Racial composition as of the 2020 census
| Race | Number | Percent |
|---|---|---|
| White | 1,706 | 75.4% |
| Black or African American | 401 | 17.7% |
| American Indian and Alaska Native | 8 | 0.4% |
| Asian | 41 | 1.8% |
| Native Hawaiian and Other Pacific Islander | 2 | 0.1% |
| Some other race | 16 | 0.7% |
| Two or more races | 89 | 3.9% |
| Hispanic or Latino (of any race) | 52 | 2.3% |

===2000 census===
At the 2000 census there were 589 people, 259 households, and 206 families in the city. The population density was 60.4 PD/sqmi. There were 269 housing units at an average density of 27.6 /sqmi. The racial makeup of the city was 86.25% White, 12.56% African American, 0.51% Asian, 0.17% from other races, and 0.51% from two or more races. Hispanic or Latino of any race were 0.17%.
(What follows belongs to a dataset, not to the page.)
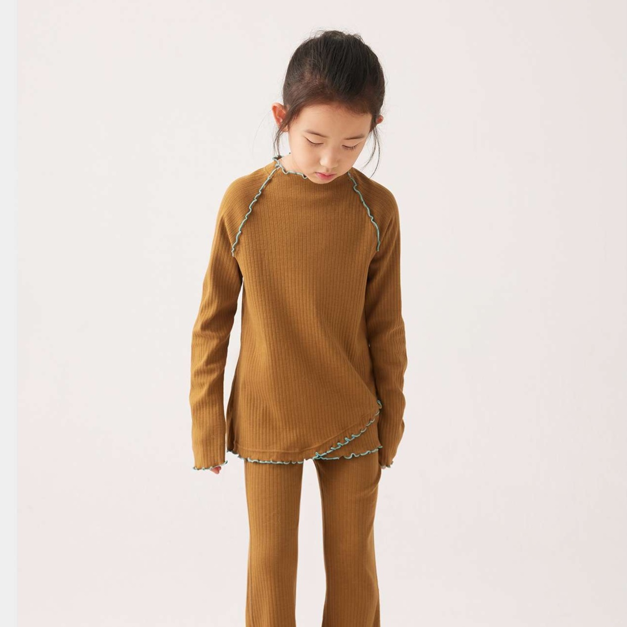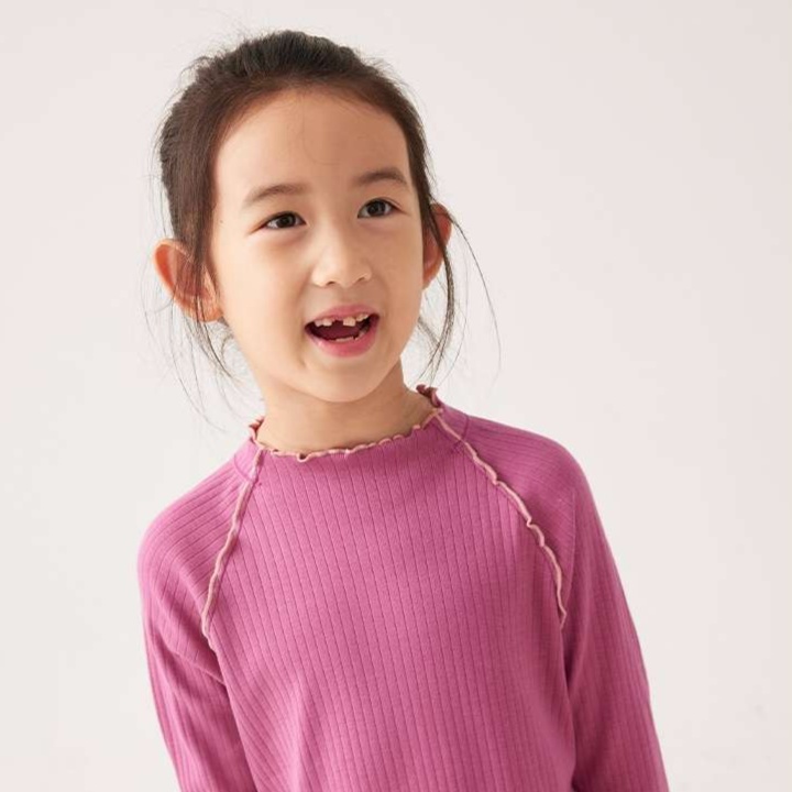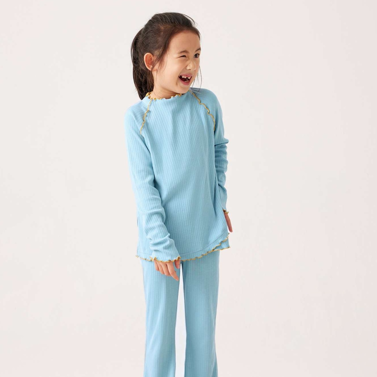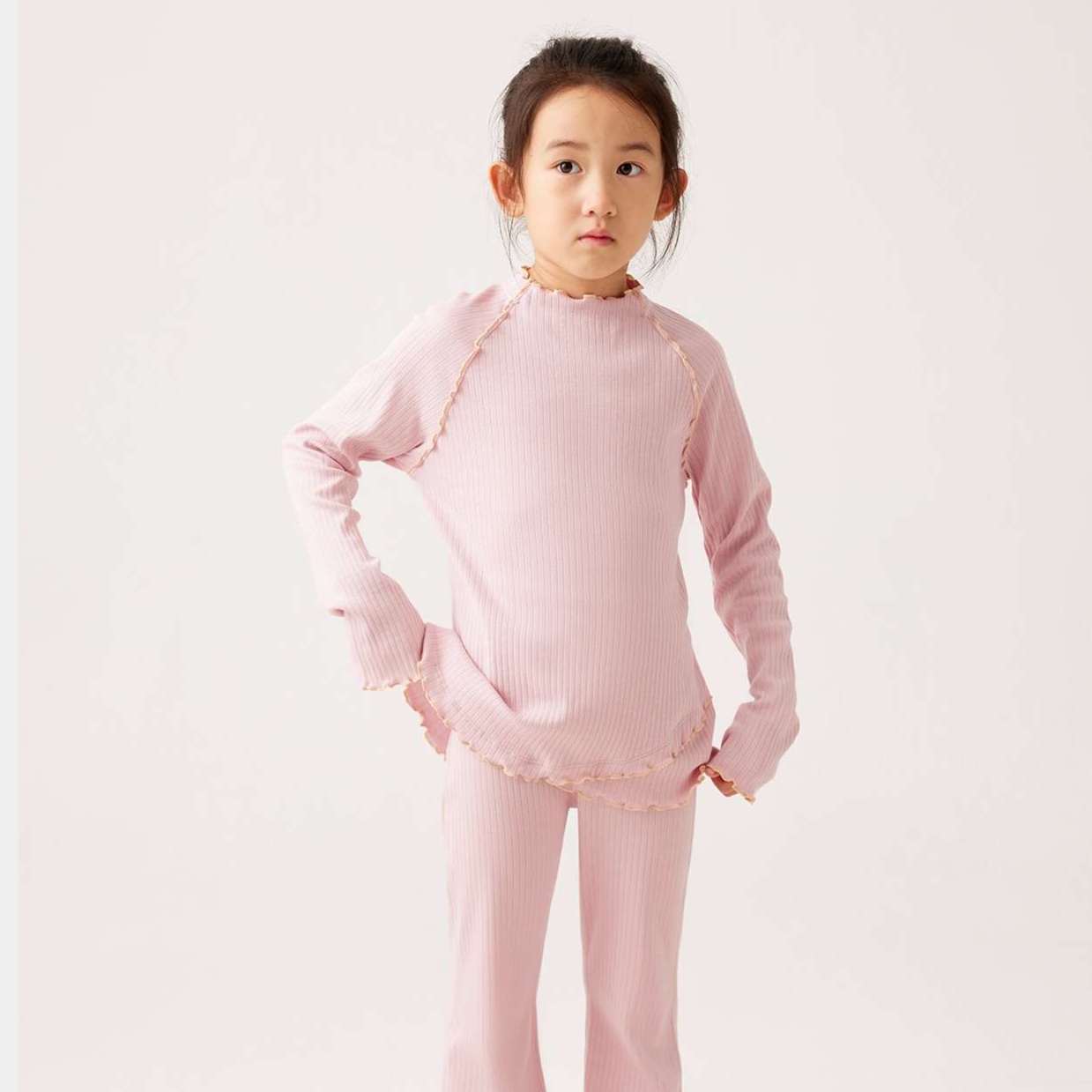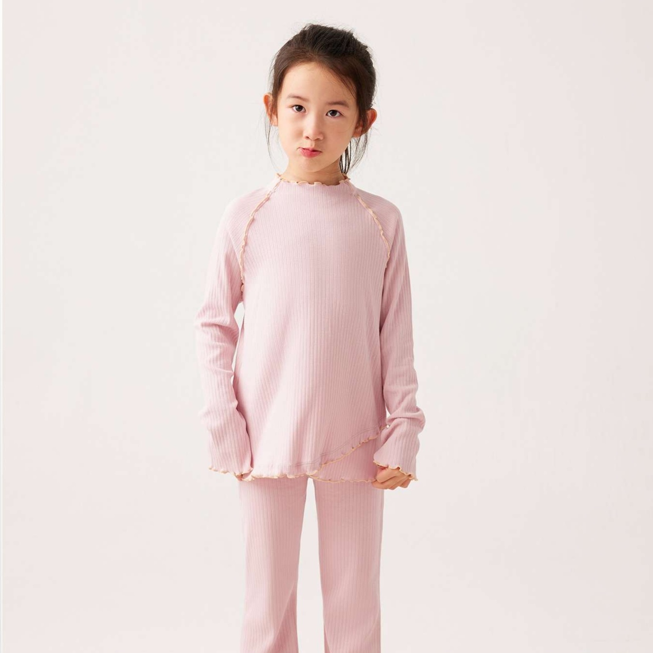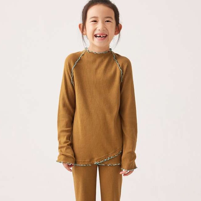 袖口や裾に施された波状の縁取りが、子供らしい可愛らしさを引き立てる上品なアクセントに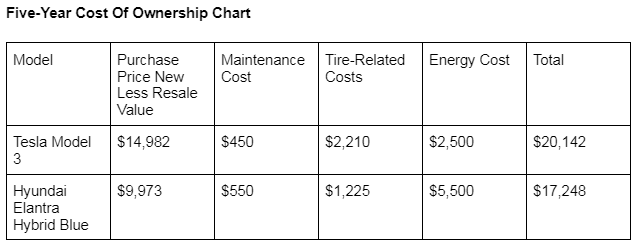 One reason the Elantra Hybrid Blue is so close in cost to the Tesla Model 3 is the dealer markup of $3,000 we assigned. If you are shopping and can find a vehicle without such a dealer markup, your cost model will differ.

There were 259 households, of which 15.8% had children under the age of 18 living with them, 69.5% were married couples living together, 6.2% had a female householder with no husband present, and 20.1% were non-families. 18.1% of households were one person and 7.7% were one person aged 65 or older. The average household size was 2.27 and the average family size was 2.53.

The age distribution was 13.1% under the age of 18, 4.9% from 18 to 24, 18.8% from 25 to 44, 36.5% from 45 to 64, and 26.7% 65 or older. The median age was 53 years. For every 100 females, there were 92.5 males. For every 100 females age 18 and over, there were 91.8 males.

The median household income was $49,583 and the median family income was $62,500. Males had a median income of $43,929 versus $32,750 for females. The per capita income for the city was $28,435. About 1.1% of families and 2.6% of the population were below the poverty line, including 8.9% of those under age 18 and 2.7% of those age 65 or over.